How well do the older LP-E6 batteries work? I've been stocking up on LP-E6 NH because of concerns about the performance of my older LP-E6 N batteries.


----------



## entoman (Dec 27, 2021)

unfocused said:


> How well do the older LP-E6 batteries work? I've been stocking up on LP-E6 NH because of concerns about the performance of my older LP-E6 N batteries.


The old LP-E6 batteries work absolutely fine in my R5. I haven't done a frame-count to test the difference between LP-E6 and LP-E6NH, but I can't say I've noticed any difference - I can make either last for a full day's shooting (up to 1000 shots), and some of my old LP-E6 batteries are 2-3 years old and have been recharged hundreds of times. The main difference I've noted is simply that the LP-E6NH batteries recharge noticeably faster.

I recently returned from a 9 day trip photographing butterflies in Kenya, using my R5 and EF 180mm macro throughout.
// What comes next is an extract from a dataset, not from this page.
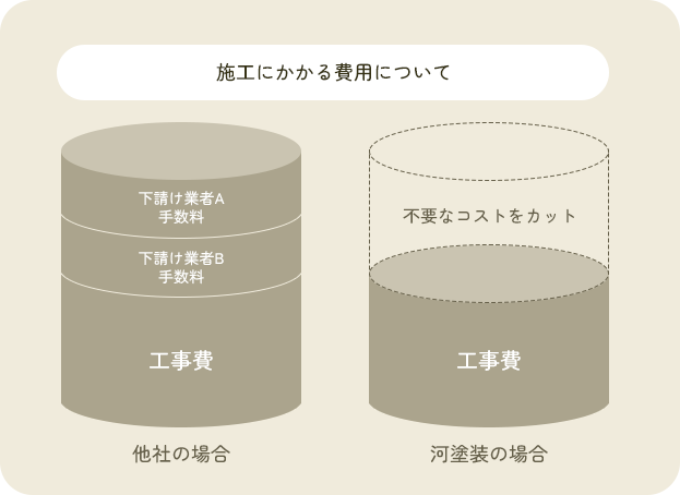 河塗装では、ヒアリングから施工完了まで一貫対応を行っております。中間マージンがかからないため、コストを抑えつつも品質にこだわったご提案が可能です。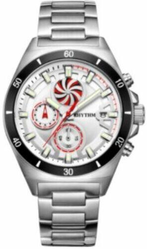 Rhythm Chronograph Quartz S1404S01 Japán férfi karóra. Dátum, kronográf, fluoreszkáló mutatók és indexek. 100m vízálló.

I always fully recharge my batteries the night before. Some days I had an LP-E6 in the camera, other days an LP-E6NH. I always carry a spare, but I don't recall ever having to swap batteries part way through the day on this trip. Daily frame counts varied between 200-1000, with a total of 4500 shots taken over 9 days. Shutter mode was EFCS. I always shoot in short bursts, as I bracket my exposures. Everything on the camera is setup for minimum battery consumption, although it isn't in "ECO" mode.


----------



## AlanF (Dec 27, 2021)

unfocused said:


> How well do the older LP-E6 batteries work? I've been stocking up on LP-E6 NH because of concerns about the performance of my older LP-E6 N batteries.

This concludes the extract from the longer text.